# 1976 Johnson 15 HP



## LastCastIPromise (Jan 21, 2018)

Hello all!

I recently picked up a 16' jon boat that came with a 1976 15 HP Johnson. It started right up when I went to look at it and the guy I got it from told me that he had it on the water earlier that year. I would like to get this thing out in the spring, so I have a little bit of time to work on it.

My question is, are they are typical maintenances that should be done for peace of mind before getting it out on the water? I have read several posts talking about complete overhauls and water pump changes.

I would love to hear your thoughts!

Thanks!


----------



## Weldorthemagnificent (Jan 21, 2018)

Impeller in the water pump is a peace of mind. Might be working fine but cost 30 bucks to replace and then you know how old it is. Other than that, if it runs fine I wouldn’t tear into it. Run premium non ethanol if you can and I swear by seafoam. I put a bit in every tank, keeps the carb spic and span. Visual inspection for possible problems; wires, hoses, recoil rope... 
good luck with your new rig. 


Sent from my iPhone using Tapatalk


----------



## timsmcm (Jan 21, 2018)

Since it is a 76 model and the guy only told you that he had it on the water and that is all, the first thing I would do is change out the water tube gromets, complete oem water pump kit, dump the lower unit oil to see if any water, fresh plugs. Look under the hood for any dry, crumbly wires. And do a seafoam carbon clear. That should get you started.


----------



## LastCastIPromise (Jan 21, 2018)

timsmcm said:


> Since it is a 76 model and the guy only told you that he had it on the water and that is all, the first thing I would do is change out the water tube gromets, complete oem water pump kit, dump the lower unit oil to see if any water, fresh plugs. Look under the hood for any dry, crumbly wires. And do a seafoam carbon clear. That should get you started.

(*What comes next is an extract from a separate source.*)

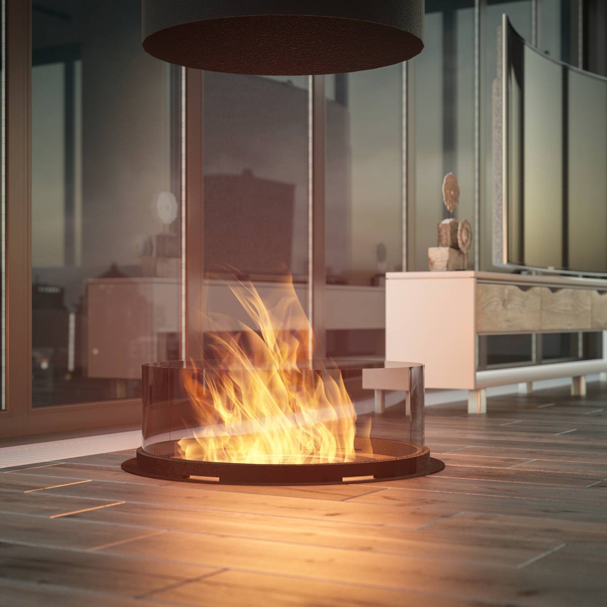 De Inround is niet zomaar een haard, maar een designstatement dat van bovenaf de ruimte transformeert. Door zijn centrale ophanging en volledig zichtbare vlammenspel wordt hij het kloppend hart van uw woonkamer, loft of open ruimte. Een echte blikvanger die luxe en warmte samenbrengt – zonder schoorsteen of gedoe.

Would Sierra kits be ok, or would you shy away from those?


----------



## LastCastIPromise (Jan 21, 2018)

Here are a few pics under the hood. Should be able to zoom in on them.


----------



## Pappy (Jan 22, 2018)

LastCastIPromise said:


> timsmcm said:
> 
> 
> > Since it is a 76 model and the guy only told you that he had it on the water and that is all, the first thing I would do is change out the water tube gromets, complete oem water pump kit, dump the lower unit oil to see if any water, fresh plugs. Look under the hood for any dry, crumbly wires. And do a seafoam carbon clear. That should get you started.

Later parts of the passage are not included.